A leitura d’A Peste não é nada reconfortante, mas pedagógica. Camus nos faz enxergar que esses períodos de calamidade exigem de nós um verdadeiro senso de responsabilidade e de coletividade. Sem nunca resvalar na pieguice, ele nos mostra a importância do trabalho dos profissionais que se dedicam a seus afazeres, com compromisso ético, mesmo nas situações mais adversas.

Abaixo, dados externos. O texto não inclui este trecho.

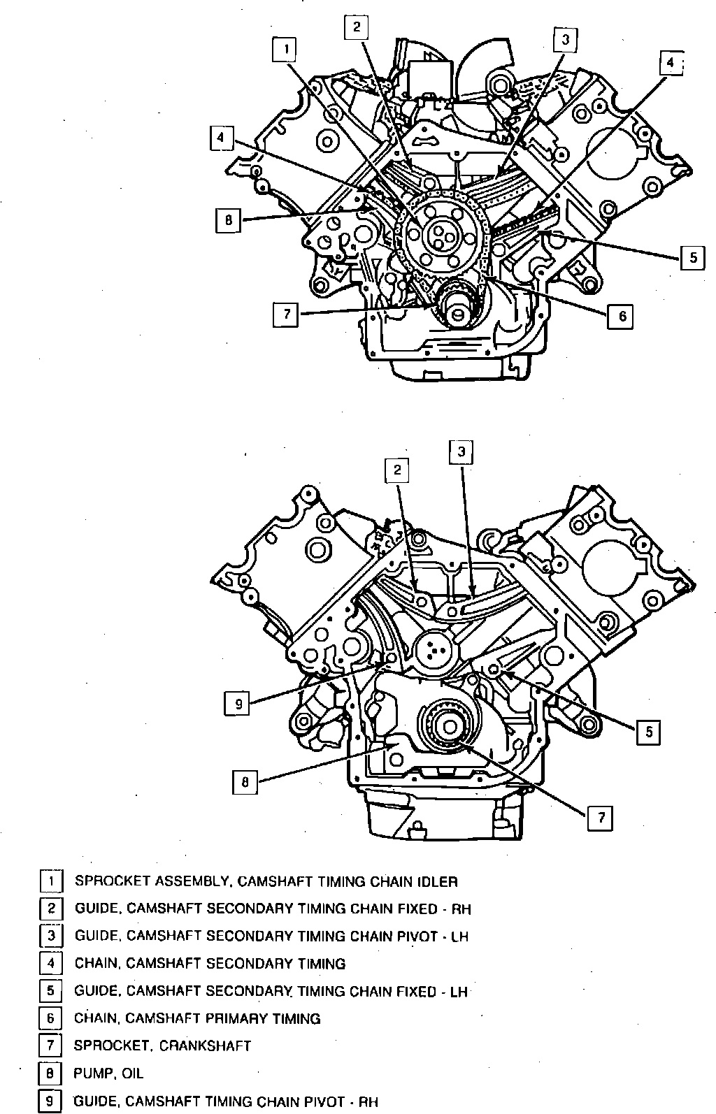 7. Reverse procedure to install. Apply Loctite 262 or equivalent to idle sprocket attaching and primary timing guide bolt threads prior to installation. When installing primary timing chain guide, use only finger pressure to remove slack from chain.
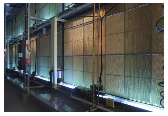空調機組加濕,是通過水箱中的水輸送到加濕器頂部的淋水器,水均勻地淋到濕膜的頂部,淋水器確保水均勻分配到濕膜材料上,水在重力作用下沿濕膜材料向下浸透,淋濕濕膜內部的所有層面,同時被濕膜材料吸收,形成均勻的水膜.當干燥的風通過濕膜材料時,干燥的空氣和濕潤的濕膜表面有較大面積的接觸,水份充分吸收空氣的熱量而汽化、蒸發,從而達到對空氣加濕的目的。在這一加濕過程中,空氣的濕度增加,溫度下降,但空氣的焓值不變。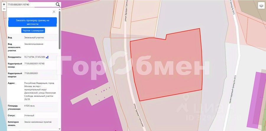 Участок находится на улице Ленинская Слобода участок 26/39 (координаты участка 55.714794, 37.652389) по соседству с премиальным ЖК Foriver!

É o caso dos médicos em tempos de pandemia ou dos professores em tempos de intolerância política, como escreve ele nesta passagem marcante: “Mas chega sempre uma hora na história em que aquele que ousa dizer que dois e dois são quatro é punido com a morte. O professor sabe muito bem disso. E a questão não é saber qual é a recompensa ou o castigo que espera esse raciocínio. A questão é saber se dois e dois são ou não quatro.”

Salvação pelo Humanismo

Em meio a tragédia, os personagens principais se unem para organizar o atendimento aos doentes. Dali, nascem amizades e experiências marcantes: desesperadoras como a de acompanhar a morte de uma criança ou regeneradoras como a de compartilhar um banho de mar após meses de confinamento.

Aflora e consolida-se a consciência de que “amar ou morrer juntos, não há outro recurso”, ou seja, de que nessas horas é preciso agir e pensar coletivamente. Por fim, Camus nos mostra que o altruísmo de seus personagens é movido por um verdadeiro humanismo ─ um amor desinteressado e realista pelos homens, que conhece suas falhas e limites, mas que acredita em sua nobreza e bondade intrínsecas ─ e indica que esse humanismo é o que pode fazer a diferença nesses momentos de sacrifício.

Ao que tudo indica, estamos apenas no início do confinamento necessário para enfrentarmos essa pandemia. No horizonte, vislumbra-se tanto uma crise econômica (de magnitude sem precedentes na história) quanto política (cujos desdobramentos se encaminham para mais um processo de impeachment). Tempos sombrios, com certeza, virão.

Aproveitemos, então, para, na medida de nossas forças, cumprir nossas obrigações profissionais com zelo, exercer nossa solidariedade, bater panela e protestar nas redes sociais, colocar a leitura em dia... Quem sabe possamos chegar ao final desse período e dizer, como o narrador do livro, que aprendemos no meio do flagelo “que há nos homens mais coisas a admirar que coisas a desprezar”?